__REQUIRED WORK__
Everything below from the line with "Selling a stylish" through the line with "Металлическая нескользящая цепочка" should be copied exactly, and nothing else; leave out the pictures.

__PROVIDED MATERIAL__

····················

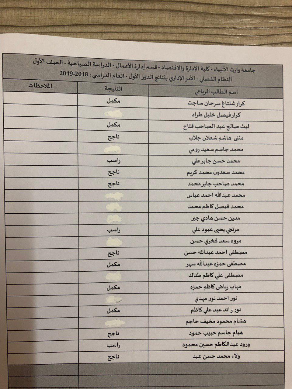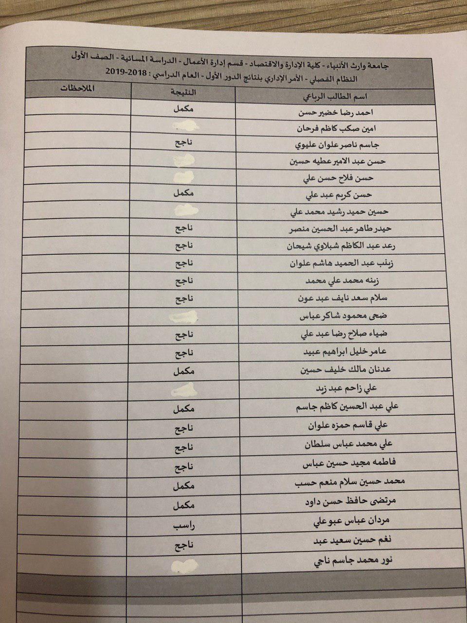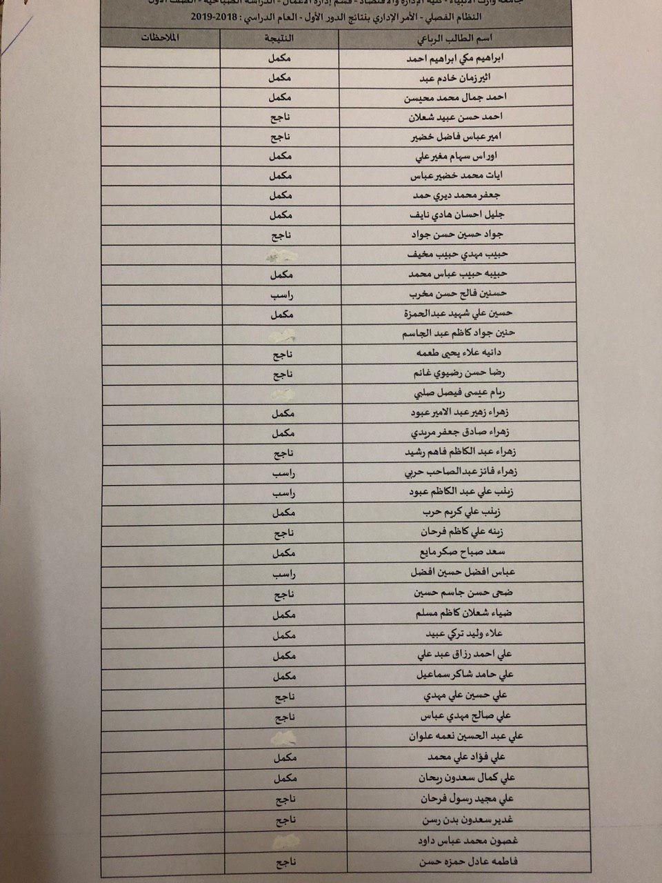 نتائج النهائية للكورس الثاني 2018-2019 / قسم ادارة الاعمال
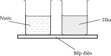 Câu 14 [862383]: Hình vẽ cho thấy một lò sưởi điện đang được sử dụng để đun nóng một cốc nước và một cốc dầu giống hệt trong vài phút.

····················

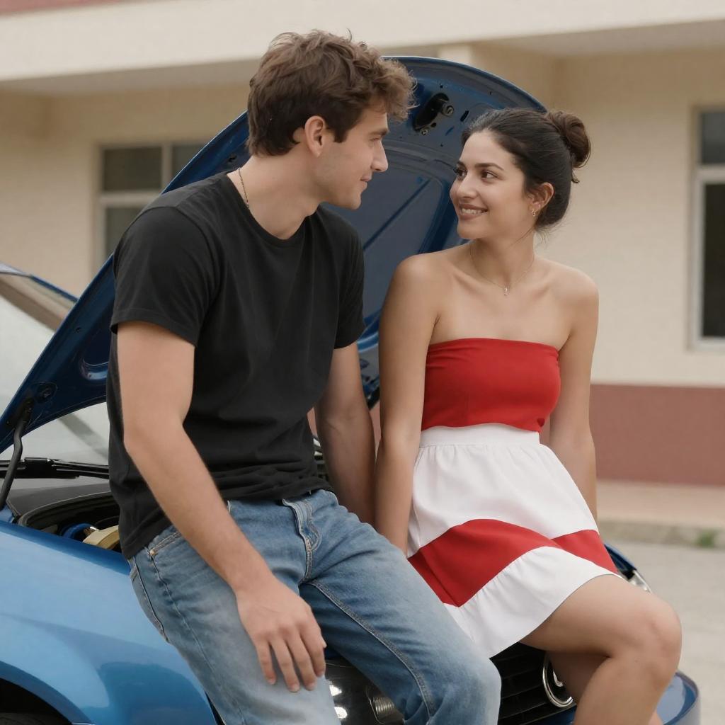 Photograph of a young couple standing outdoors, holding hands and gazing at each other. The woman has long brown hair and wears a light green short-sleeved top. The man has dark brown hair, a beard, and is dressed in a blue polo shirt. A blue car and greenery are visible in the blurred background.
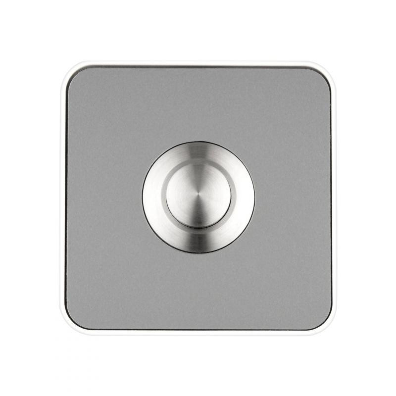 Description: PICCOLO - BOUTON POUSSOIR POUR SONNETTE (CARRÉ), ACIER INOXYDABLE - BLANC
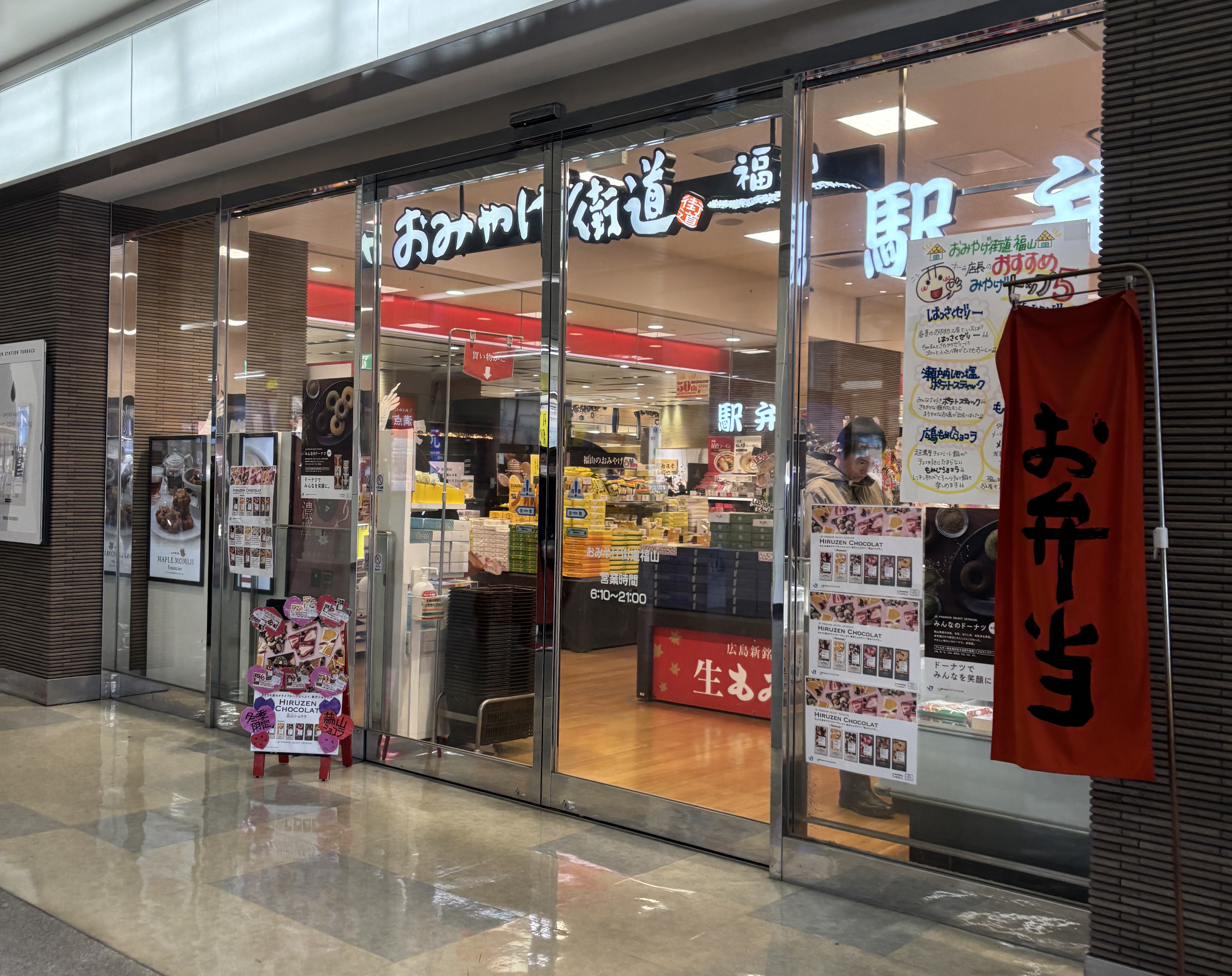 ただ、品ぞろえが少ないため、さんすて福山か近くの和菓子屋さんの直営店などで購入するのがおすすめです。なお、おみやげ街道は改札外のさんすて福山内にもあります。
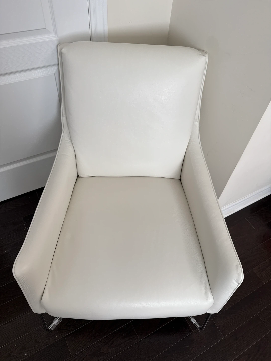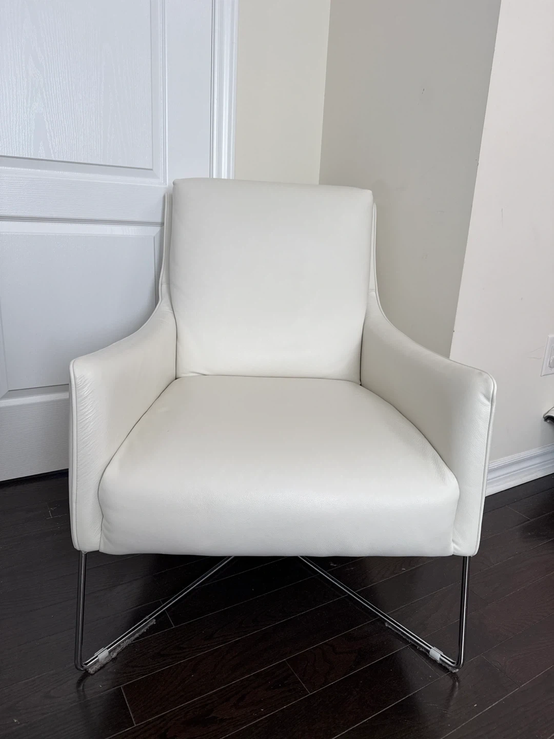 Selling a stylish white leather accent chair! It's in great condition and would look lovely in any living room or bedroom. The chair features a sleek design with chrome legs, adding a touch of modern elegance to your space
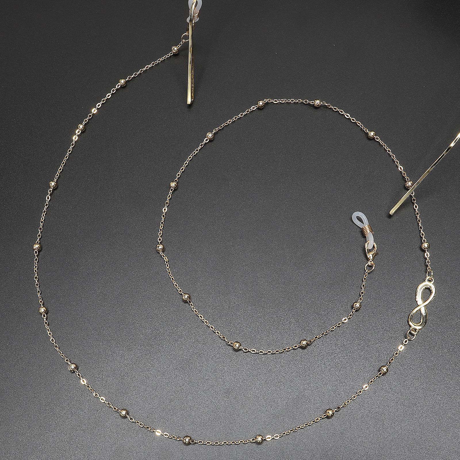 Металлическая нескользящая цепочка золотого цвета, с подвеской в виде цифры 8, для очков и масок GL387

····················

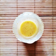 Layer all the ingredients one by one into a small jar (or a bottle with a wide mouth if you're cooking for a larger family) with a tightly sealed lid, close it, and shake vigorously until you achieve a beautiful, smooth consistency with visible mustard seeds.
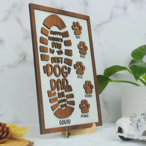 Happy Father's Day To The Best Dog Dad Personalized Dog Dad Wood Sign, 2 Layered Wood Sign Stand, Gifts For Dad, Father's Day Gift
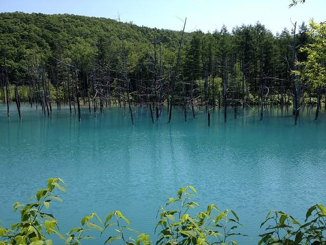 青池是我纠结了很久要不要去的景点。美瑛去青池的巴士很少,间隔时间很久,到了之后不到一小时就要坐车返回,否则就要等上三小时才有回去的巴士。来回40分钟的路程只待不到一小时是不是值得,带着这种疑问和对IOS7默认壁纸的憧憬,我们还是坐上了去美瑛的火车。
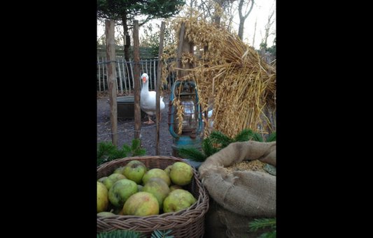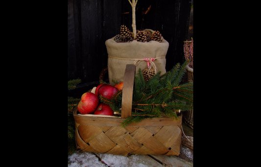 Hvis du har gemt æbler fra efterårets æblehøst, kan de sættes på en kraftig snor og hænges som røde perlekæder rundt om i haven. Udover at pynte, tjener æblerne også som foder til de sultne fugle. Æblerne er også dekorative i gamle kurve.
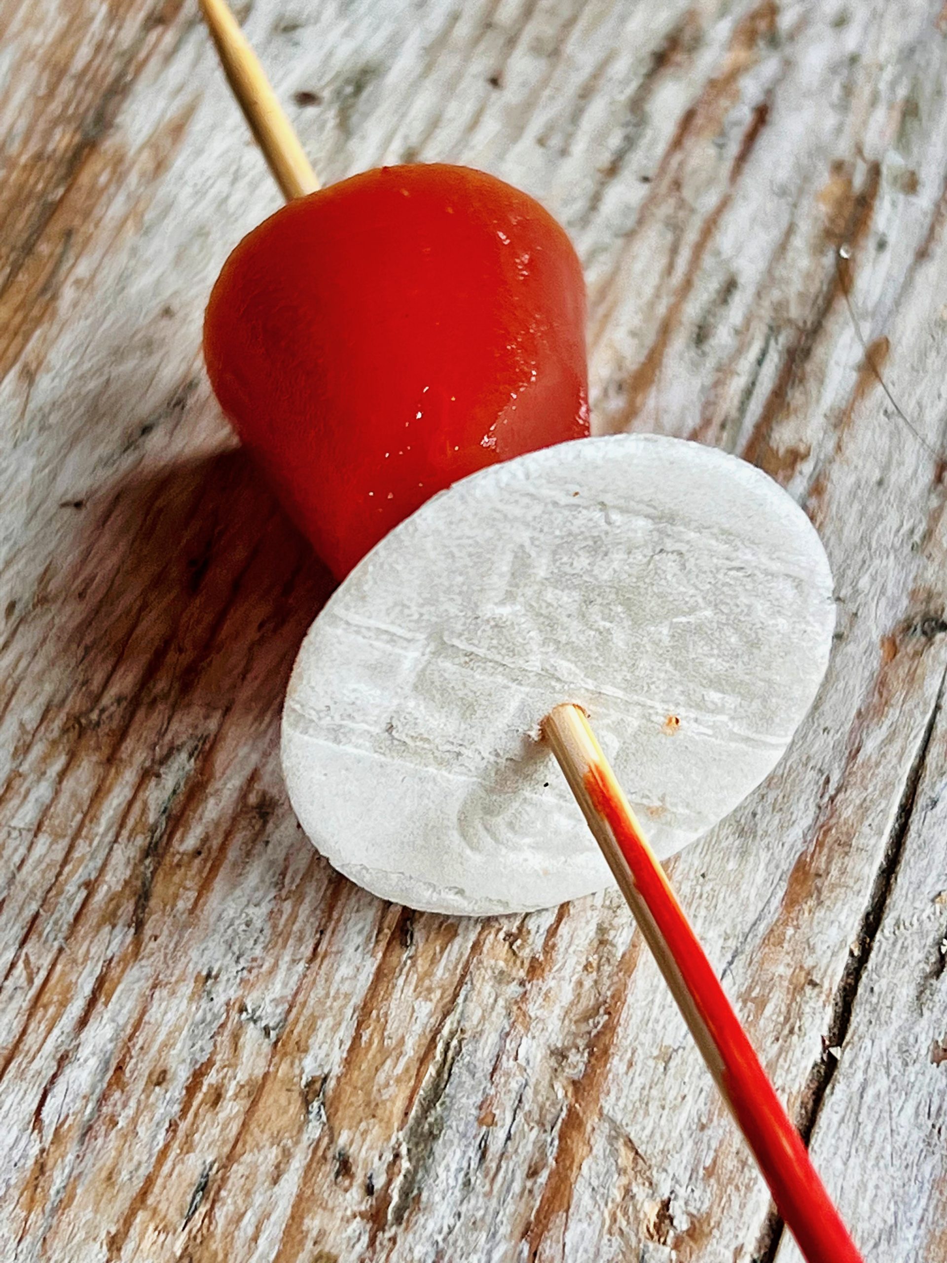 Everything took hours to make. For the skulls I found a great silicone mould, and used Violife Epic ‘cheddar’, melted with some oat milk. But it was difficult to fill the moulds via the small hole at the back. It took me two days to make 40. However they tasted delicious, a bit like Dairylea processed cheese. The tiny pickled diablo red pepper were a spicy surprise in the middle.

····················

__WRITTEN RESPONSE__
 Selling a stylish white leather accent chair! It's in great condition and would look lovely in any living room or bedroom. The chair features a sleek design with chrome legs, adding a touch of modern elegance to your space
 Металлическая нескользящая цепочка золотого цвета, с подвеской в виде цифры 8, для очков и масок GL387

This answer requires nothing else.